Issue:

BOOK REVIEW WAYS OF FORGETTING, WAYS OF REMEMBERING: Japan in the Modern World

By John W. Dower (New Press 2012)

by Miki Tanikawa


Ways of Forgetting, Ways of Remembering is appropriately titled. But perhaps any sharp historiographical accounts could share the same title; like the very point the author makes, a history book is about revealing what the writer wants to highlight while neglecting what he wants to hidea willful choice between the “focused gaze” and the “averted gaze,” in the author’s lingo.

Dower is an MIT history professor and recipient of the Pulitzer Prize for his book, Embracing Defeat: Japan in the wake of World War II. This latest book, a collection of essays published previously, may be an attempt to find a moment of resonance for them since he is painfully aware that certain renditions of history don’t register when your approach goes against the prevailing winds.

In the 1960s, when Dower was embarking on an academic career, his approach to historical research was decidedly liberal (some would say “Marxist”) and unambiguously close to that of E.H. Norman, a Canadian diplomat and historian who tragically committed suicide after becoming a target of the McCarthyist witch hunt in the 1950s. It found little resonance in an academic milieu that strongly favored a much more conservative “modernization theory,” which premised that all nations, when properly configured socially and economically, would follow the social development model of the west. The first chapter of this book, describing Norman’s contribution to the field of modern Japanese history, reads like a eulogy dedicated to this man whose work Dower so admires. He is deeply sorrowed by the tragic consequence of his life and the sub sequent burial of Norman’s excellent work on Japanese history, at least for a time.

Dower’s ire against the conservative forces is on ample display as he vividly recalls the “Smithsonian incident” in the mid-’90s, when the museum’s planned exhibition of the B-52 bomber was abruptly canceled after meeting with harsh conservative opposition (though it was later revived in gelded form). He deplores how the “revisionist” label had replaced the “communist” label that the liberals so feared being slapped with in the years after the war.

His greatest angst is reserved still for the Bush administration’s deliberate comparison of the U.S. experience with Japan after WWII and the American invasion of Iraq and how reshaping that country could be success fully brought to a close an idea which Dower easily dismisses. The American Occupation in Japan had enormous moral as well as legal legitimacy in the eyes of the rest of the world, including in neighboring Asia that had been so recently savaged by the Japanese war machine, Dower argues. (He cites other technical reasons for the absurdity of the comparison.)

Aside from serving up a scathing critique of the American conservative’s view of history, this collection of essays is a gem of a book for both educational and recreational reading. His interpretations of the events and perceptions of the general Japanese public, something that requires a complex and layered understanding of Japanese society, are far more accurate and balanced than many other books on Japan written by non Japanese authors which often trigger a negative gut reaction by Japanese readers. His judiciously chosen sources that include various Japanese public opinion polls and close examination of popular culture give him an edge that many Western journalists, often drawn to the voices of the “elite” politicians and commentators, miss out on.

Dower similarly exhibits a canny gift of digging deep into social and cultural workings, another result of his trait of peering into the non-elite strata of the society. In one example, he examines the flourishing use of high art during the Pacific War in the effort to beautify the war. Woodblock prints portraying the valor of the Japanese navy, silk kimono featuring Japanese battleships, and a serialized comic featuring the feisty black stray dog “Norakuro,” which debuted in the ominous year of 1931 when Japan invaded Manchuria were all mobilized to romanticize the war effort, and all have parallels today. One only has to look at the way manga have been used to sanitize seemingly indigestible social dilemmas such as the use of nuclear power plants in a crowded, earthquake prone nation.

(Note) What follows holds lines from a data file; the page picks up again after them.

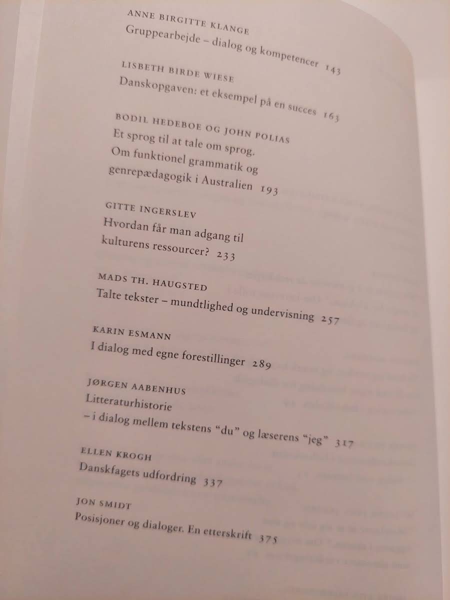 Bogen fremstår som ny og uden slid på omslag. Den har hverken overstregninger, noter eller æselører. Bogen tager udgangspunkt i en dialogisk tilgang til danskfaget og har tekster af bl.a. Olga Dysthe og Mads Th. Haugsted.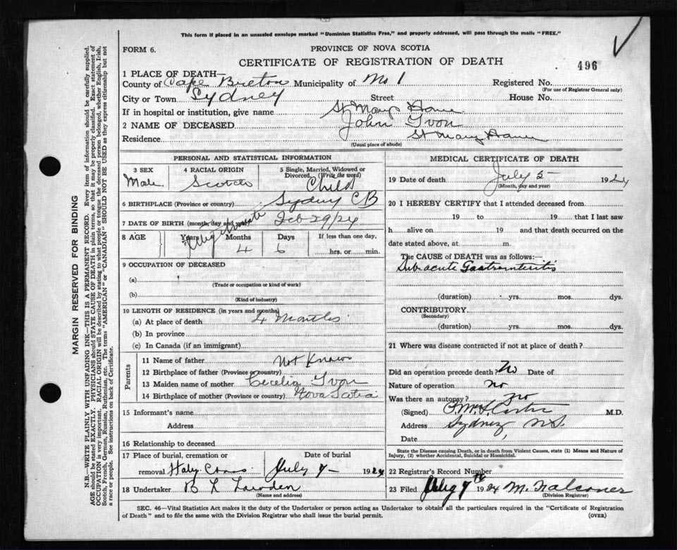 Death Registration: Year: 1924 file: 79 number: 496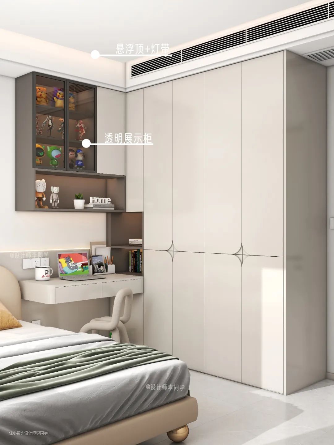 8平儿童房衣柜书桌一体设计,学习收纳都满足!

His street level views of history come in handy once again when he closely examines the use of karuta word games (the syllable cards) that came into vogue among the postwar Japanese as a vehicle for satire, mocking misery and playing to the new found cynicism.

Dower’s incisive remarks about the Japanese reaction to the war include the vastly dodged topic here: the public responsibility of the Emperor for the war. He asks, “If he was deemed to have no responsibility whatsoever for the horrors and disasters that took place between his ascension to the throne in 1926 and the end of the war in 1945, why should ordinary Japanese even think of taking responsibility on themselves?”

As Japan turns the page of a new political chapter with the conservative LDP swinging back to power, is it not useful to rethink Japan’s prewar and postwar past with illuminating commentary and insight on the political and social events that transpired? Dower plays that guide to Japan’s recent past quite well.


Miki Tanikawa writes for the International Herald Tribune and teaches Japanese history and international relations at JICA and other universities in Japan.